Last week, I attended an active shooter training put on by the Madison police department. The training was sponsored by First Unitarian Society, which also houses my synagogue, Shaarei Shamayim, and a child care center, so they invited staff and board leaders to this training. It is truly sickening that we now live in a world active shooter events have become almost daily occurrences. The school shooting on January 23rd in Kentucky, killing 2 and wounding 18 was the 11th school shooting of the year.
Meanwhile, our federal government does nothing to put an end to this madness and most states have actually made it easier to carry guns, rather than harder. While Americans who are as sickened as I am with the lock grip that the NRA has on our legislators should continue to exercise their political power to change this dynamic, I chose to take this training because I realized that if I was at an active shooter training, I would have absolutely no idea what to do.
It is important to keep in mind, that despite the increasing frequency of active shooter events, the chances of actually being involved in one are about the same as getting struck by lightning. Fortunately, that means that most of us will never have to experience the horror of such an event. However, just like we have all learned some basic lessons of what to avoid when a lightning strike takes place, it also makes sense to learn some basic and potentially life saving responses that we can all take if we are in an active shooter situation.
The training was gut wrenching. We listened to the Columbine High School librarian’s 911 call, which included sounds of gunfire, and sadly, a librarian who was not following the instructions of the dispatcher because she was in such a state of panic. While she survived, 11 students in that library were murdered.
However, the training also made me feel safer because I now feel that I have tools that I can use in such an emergency that I never would have thought of before. While some may seem obvious, most of us in the training did not know these basic principles known as A.D.D. (Avoid, Deny, Defend), before the training. While this is no substitute for going through the 2 1/2 hour training, the basic idea is:
- Always be aware of escape routes, even if it means breaking open a window.
- Leaving the area is the first priority.
- Playing dead, hiding and hoping are not successful strategies as they leave you without options if they do not work.
- Move into a room and lock the door.
- Barricade access points.
- Turn off lights and silence phones.
- Remain quiet and out of sight.
- Once barricaded, remain in place until rescued.
- If Avoid and Deny have failed, you must defend yourself.
- Use improvised weapons (e.g., a sharpie or scissors to the attacker’s eyes) and remember there is strength in numbers to overpower the shooter.

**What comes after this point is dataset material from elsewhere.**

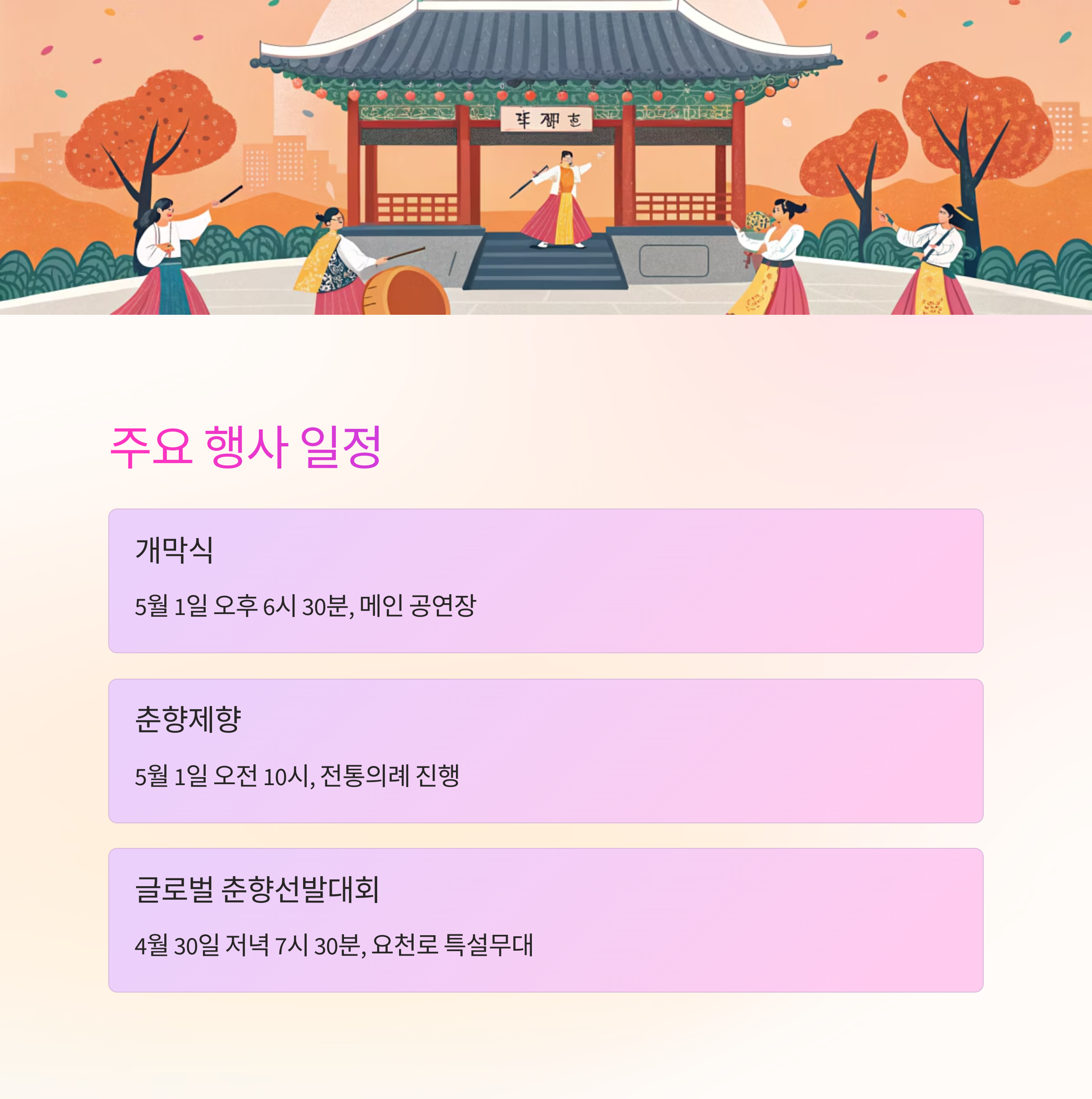 초대가수 공연 외에도 다양한 공식 행사가 함께 열려요. 특히 개막식과 폐막식, 전통 제향행사, 글로벌 춘향선발대회 본선은 관람 포인트로 손꼽힌답니다. 이런 행사들은 축제의 전통적 의미와 대중적 재미를 동시에 제공해줘요.

- Consider attacking at the doorway. The change in lighting and obstacles place in the way may be the best window of opportunity to attack the shooter.
At the end of the training, I realized that it was insufficient for our congregation that only one board member and I had gone through this training. Fortunately, the Madison Police Department offers these trainings for free and they will return to our synagogue and we will invite all our members in March. In setting up the training with Officer Matthew Magolan, I noticed the following quote at the bottom of his e-mail.
“It is not the critic who counts; not the man who points out how the strong man stumbles, or where the doer of deeds could have done them better. The credit belongs to the man who is actually in the arena, whose face is marred by dust and sweat and blood; who strives valiantly; who errs, who comes short again and again, because there is no effort without error and shortcoming; but who does actually strive to do the deeds; who knows great enthusiasms, the great devotions; who spends himself in a worthy cause; who at the best knows in the end the triumph of high achievement, and who at the worst, if he fails, at least fails while daring greatly, so that his place shall never be with those cold and timid souls who neither know victory nor defeat.” -Theodore Roosevelt “Citizenship In A Republic” speech delivered at the Sorbonne, in Paris, France on 23 April, 1910
That quote made me realize that while I may not be able to save myself or anyone else if I am confronted with an active shooter, I now have tools that will at least allow me to try to save my own life and the life of others. While I have been given no comfort from our feckless government which stands idly by with thoughts and prayers instead of real action to stop these mass shootings, I do take some comfort in knowing that I now believe I will try my best to save myself and others, and even if I fail, I will die knowing that I tried my best.